DATA UNDER STUDY START
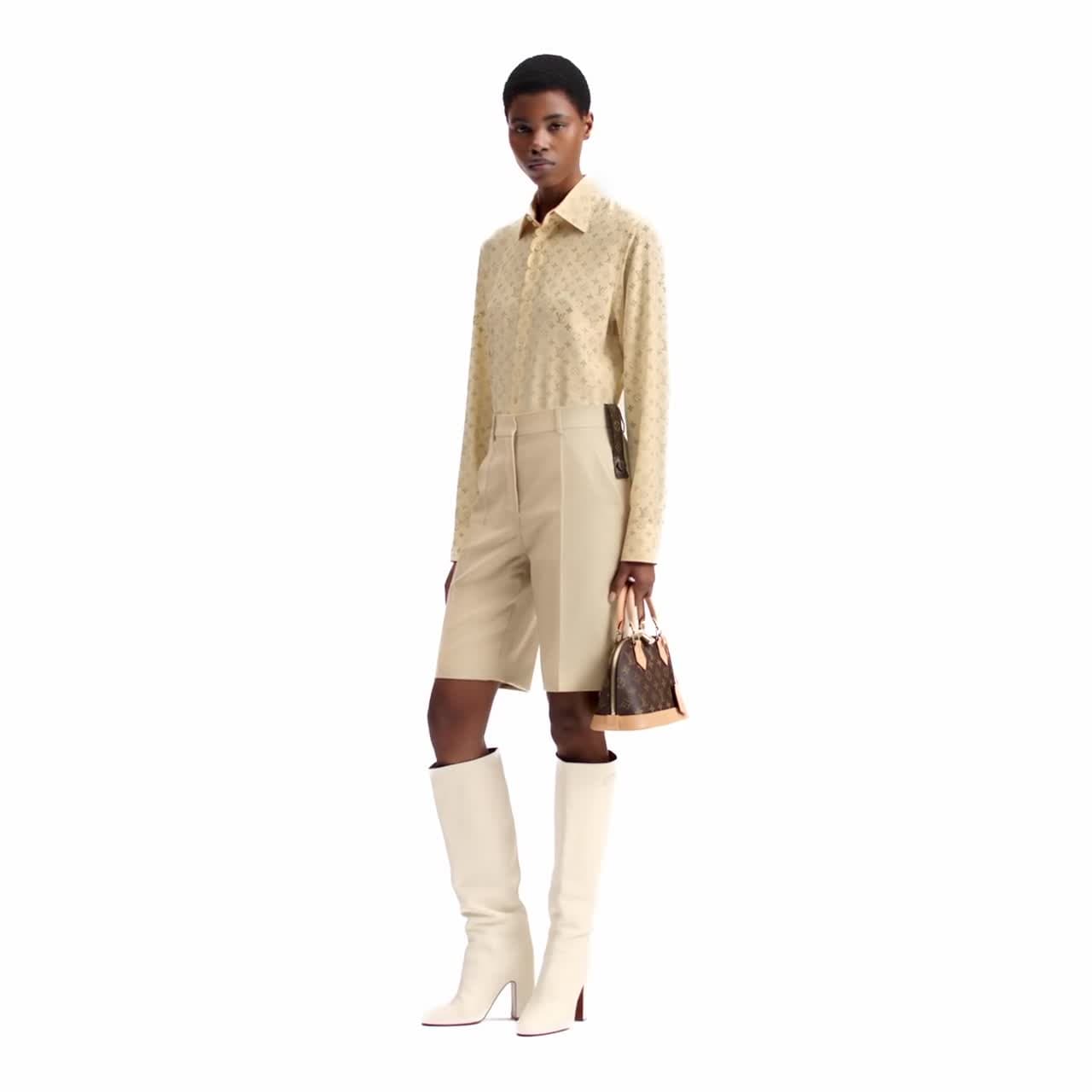 เสื้อเชิ้ตทรงตรงสุดสมาร์ทรับซัมเมอร์สวมใส่ได้หลายโอกาสรังสรรค์จากผ้าไหม Crepe de Chine นุ่มลื่นในเฉดสีประจำฤดูกาล เสื้อพิมพ์ลาย Washed Monogram ไอคอนิกทั้งตัวให้สัมผัสบางเบาดุจภาพฝัน พร้อมประดับกระดุมเอฟเฟ็กต์ไข่มุกหรูหรางดงาม
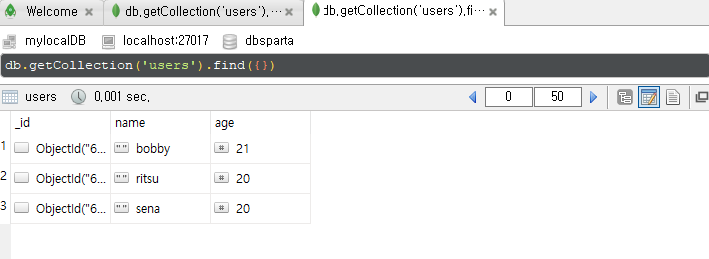 dbsparta를 클릭, collections클릭한 후, view results in table mode를 클릭하면
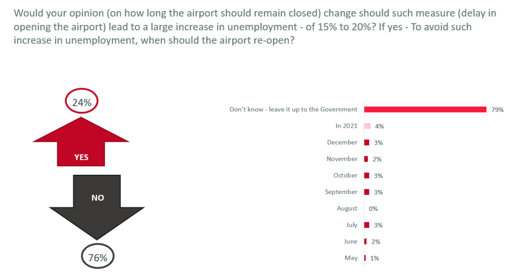 •Even among those that answered in the positive (24%), those that believe the airport should re-open any time soon are minimal.
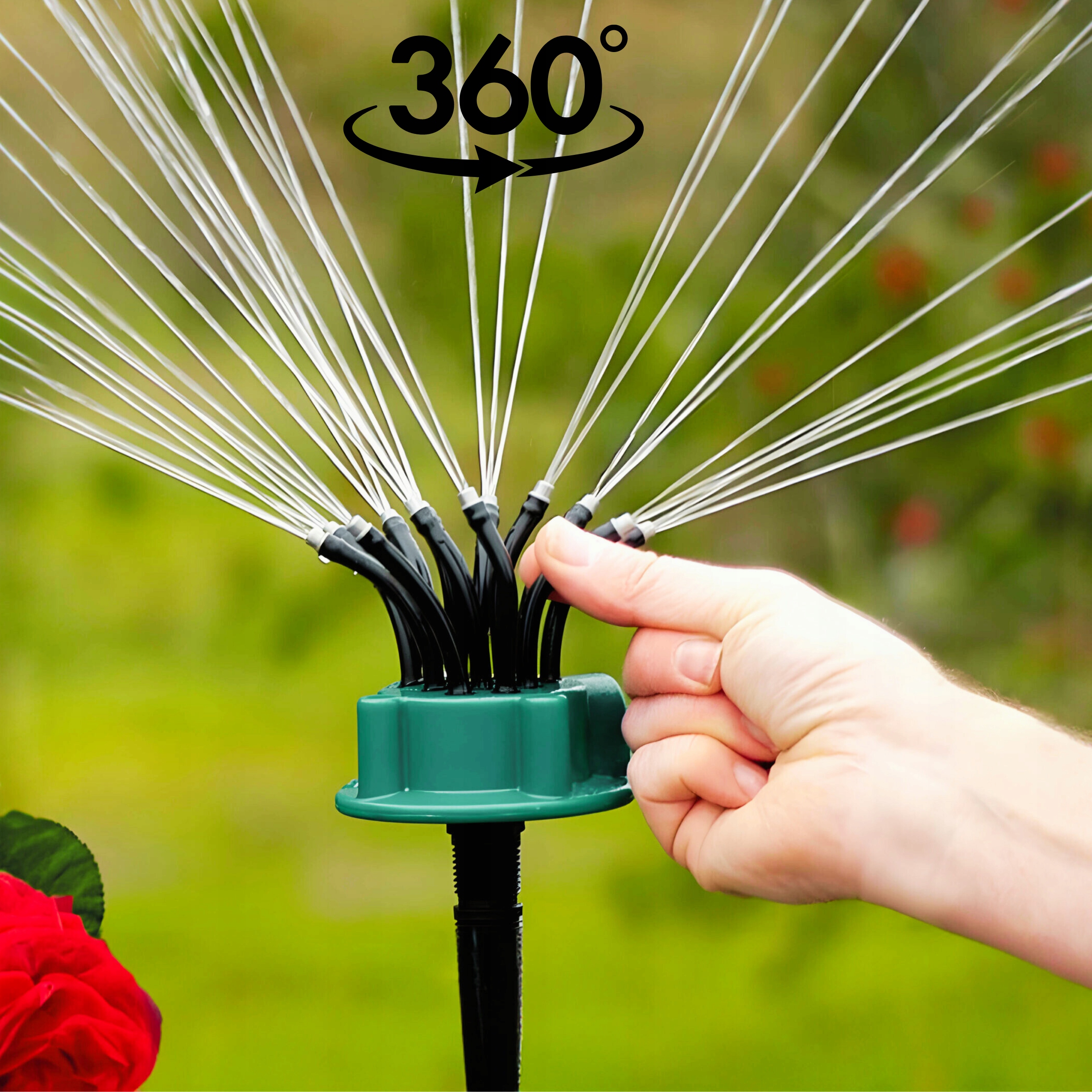 ✅С вращающейся головкой: Разбрызгиватель имеет головку, вращающуюся на 360 градусов, что обеспечивает равномерное распределение воды по большой поверхности.
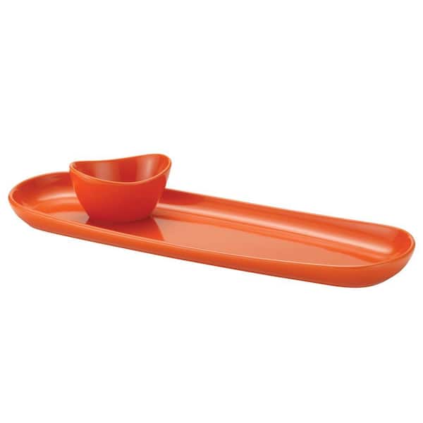 Stoneware Baguette Tray with Dipping Cup in Orange
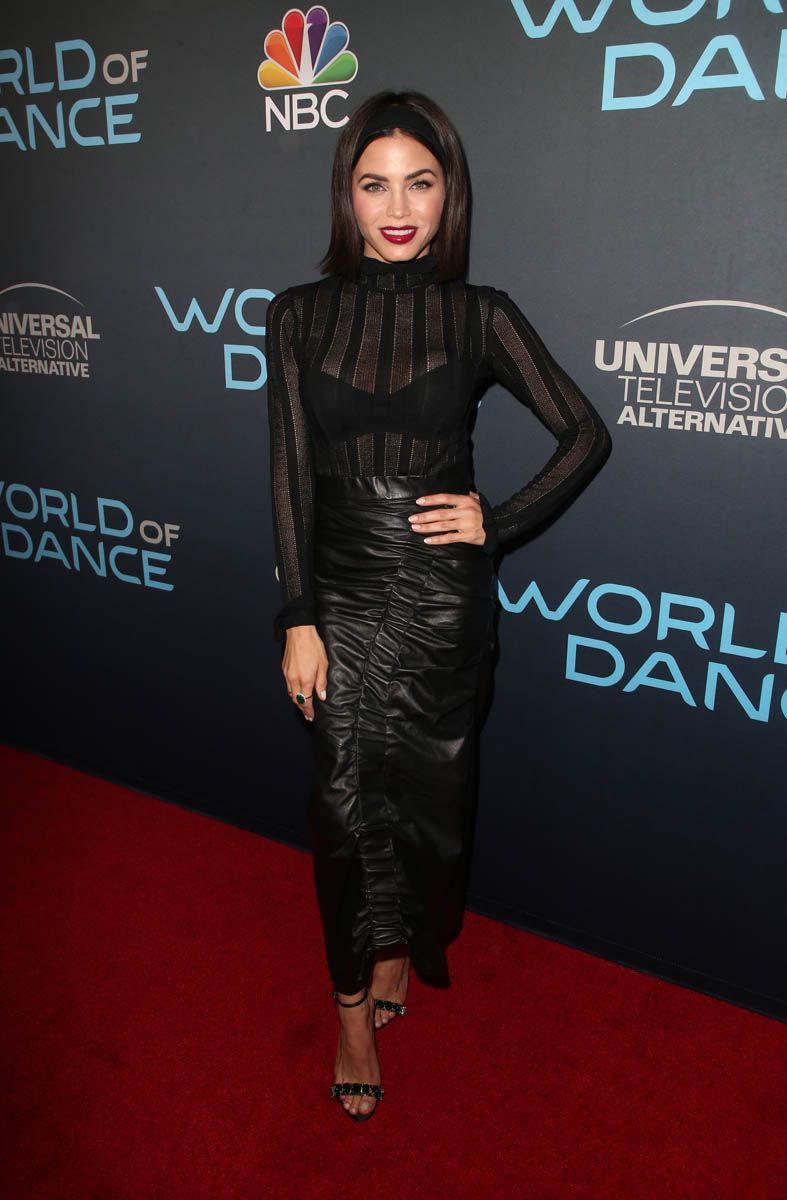 A new season on World Of Dance then is also a new season for Jenna Dewan. With a little bit of a throwback. That headband, can you see it? I almost missed it because I was too busy admiring the ruching in that leather pencil skirt she wore the other day and since her hair is so dark but look closely – the band is placed closer to the forehead than where a headband usually sits. You like it? I think I like it a lot. I think I want to try it.
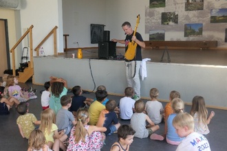 Für die Kinder war es ein absolut aufregender und toller Vormittag! Im großen Saal des DGH Hohensolms erlebten die Kinder ein bewegungsreiches Mitmachkonzert. Viele bekannte Kinderlieder, wie die „Affen rasen durch den Wald“, „Aramsamsam“ oder das „Fliegerlied“ wurden dabei lautstark mitgesungen und natürlich auch dazu getanzt. Nicht nur durch die hohen Temperaturen waren nachher alle durchgeschwitzt und geschafft. Im Anschluss hat sich Herr Pfeiffer auch noch Zeit für die vielen Kinderfragen genommen, die er geduldig beantwortet hat.
DATA UNDER STUDY END
* _ASSIGNMENT_: Your copy should consist only of the lines from the line holding "soon are minimal." through the final line of the listing above, both included, with all pictures omitted.

* _OUTPUT FOR THIS TASK_:
 •Even among those that answered in the positive (24%), those that believe the airport should re-open any time soon are minimal.
 ✅С вращающейся головкой: Разбрызгиватель имеет головку, вращающуюся на 360 градусов, что обеспечивает равномерное распределение воды по большой поверхности.
 Stoneware Baguette Tray with Dipping Cup in Orange
 A new season on World Of Dance then is also a new season for Jenna Dewan. With a little bit of a throwback. That headband, can you see it? I almost missed it because I was too busy admiring the ruching in that leather pencil skirt she wore the other day and since her hair is so dark but look closely – the band is placed closer to the forehead than where a headband usually sits. You like it? I think I like it a lot. I think I want to try it.
 Für die Kinder war es ein absolut aufregender und toller Vormittag! Im großen Saal des DGH Hohensolms erlebten die Kinder ein bewegungsreiches Mitmachkonzert. Viele bekannte Kinderlieder, wie die „Affen rasen durch den Wald“, „Aramsamsam“ oder das „Fliegerlied“ wurden dabei lautstark mitgesungen und natürlich auch dazu getanzt. Nicht nur durch die hohen Temperaturen waren nachher alle durchgeschwitzt und geschafft. Im Anschluss hat sich Herr Pfeiffer auch noch Zeit für die vielen Kinderfragen genommen, die er geduldig beantwortet hat.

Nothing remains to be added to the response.